:: Requirement ::
Pictures are to be left out; every line from the one with "Ve lo spiego: non" through the end of the data must be transcribed exactly.

:: Given information ::
━━━━━━━━━━━━━━━━━━━━
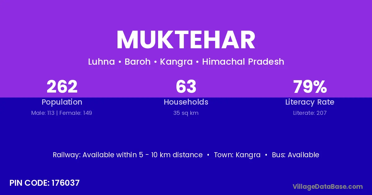 Kangra is the nearest town to Muktehar village for major economic activities
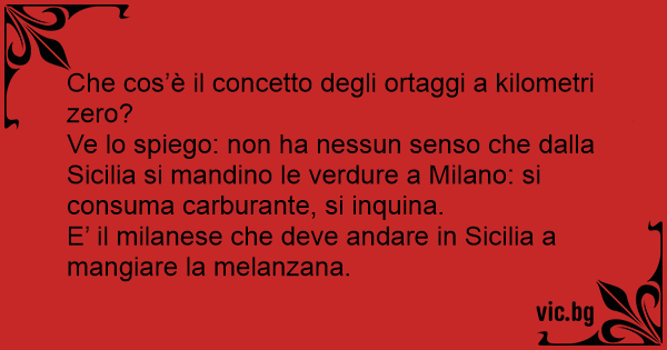 Ve lo spiego: non ha nessun senso che dalla Sicilia si mandino le verdure a Milano: si consuma carburante, si inquina.
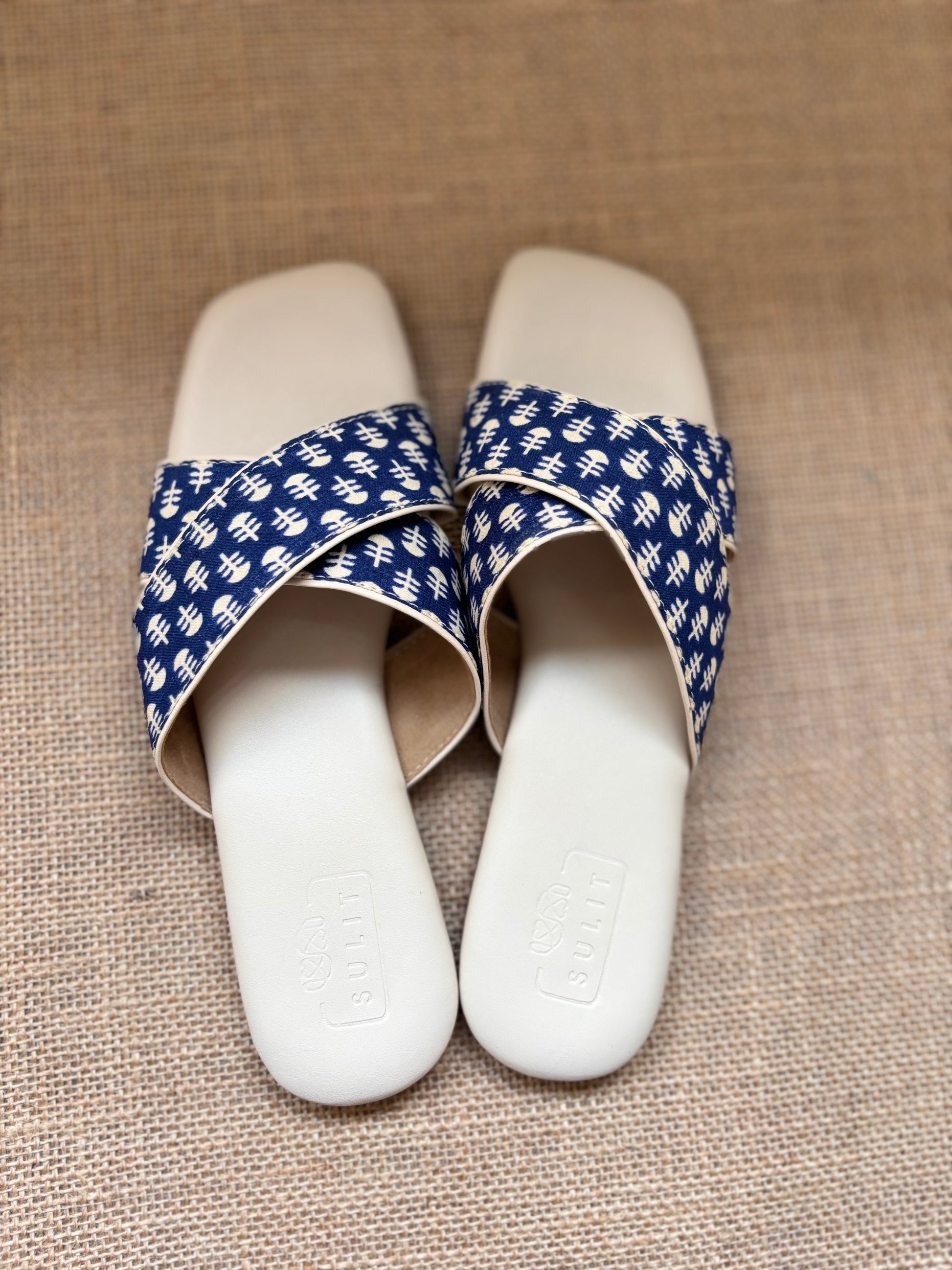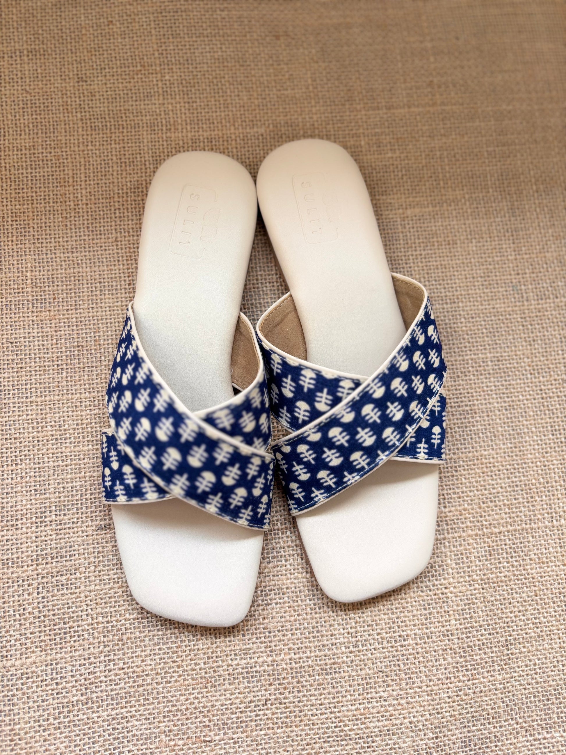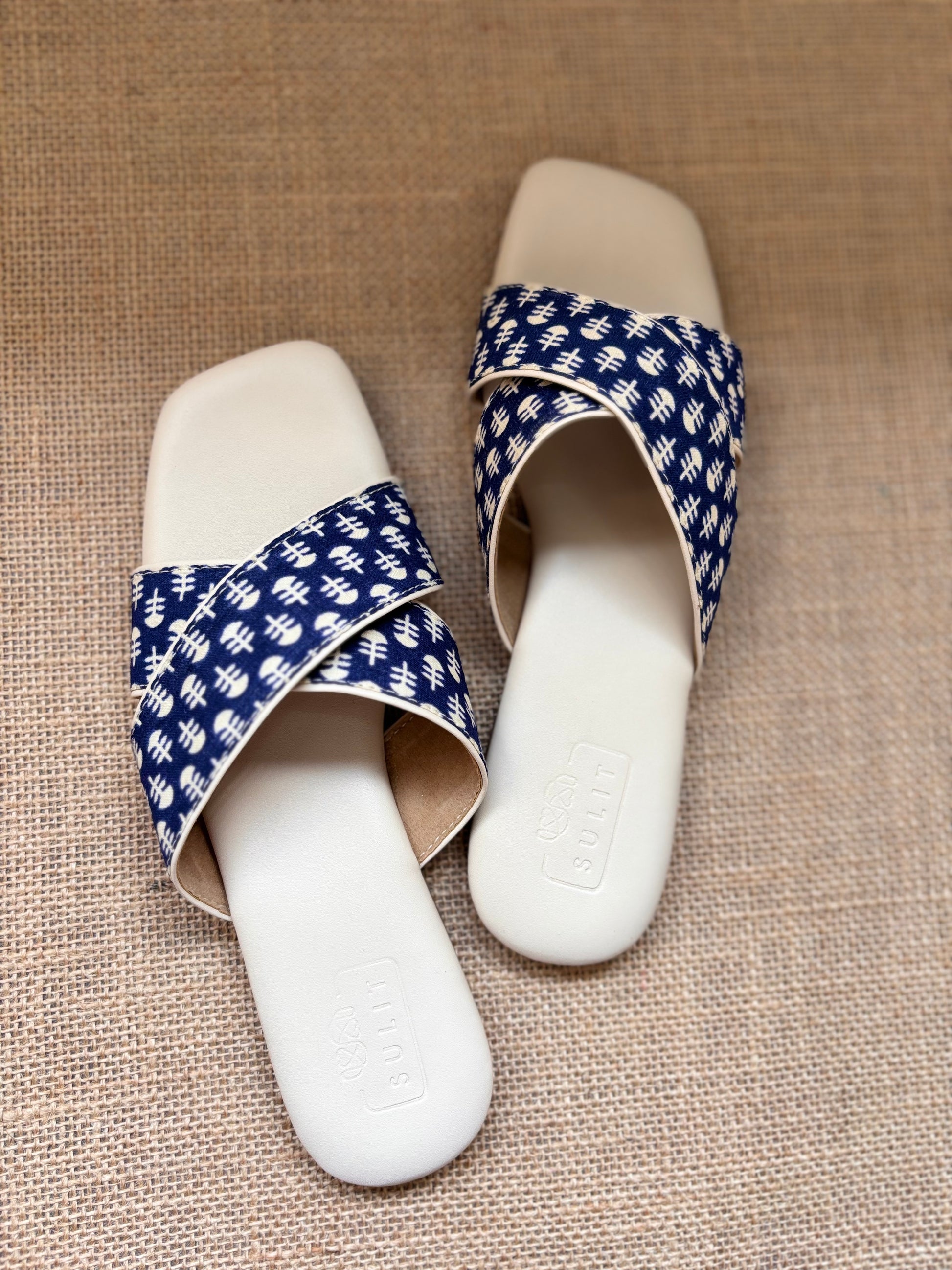 Bold, handcrafted, and beautifully rooted in Indian craft, this pair features a rich beige sole paired with cross-over fabric straps printed in a lively folk-inspired floral design. The soft footbed ensures comfort, while the contrast of dark indigo and warm beige adds a statement-making edge. Ideal for those who love blending culture with contemporary flair.
━━━━━━━━━━━━━━━━━━━━
:: Your solution ::
 Ve lo spiego: non ha nessun senso che dalla Sicilia si mandino le verdure a Milano: si consuma carburante, si inquina.
 Bold, handcrafted, and beautifully rooted in Indian craft, this pair features a rich beige sole paired with cross-over fabric straps printed in a lively folk-inspired floral design. The soft footbed ensures comfort, while the contrast of dark indigo and warm beige adds a statement-making edge. Ideal for those who love blending culture with contemporary flair.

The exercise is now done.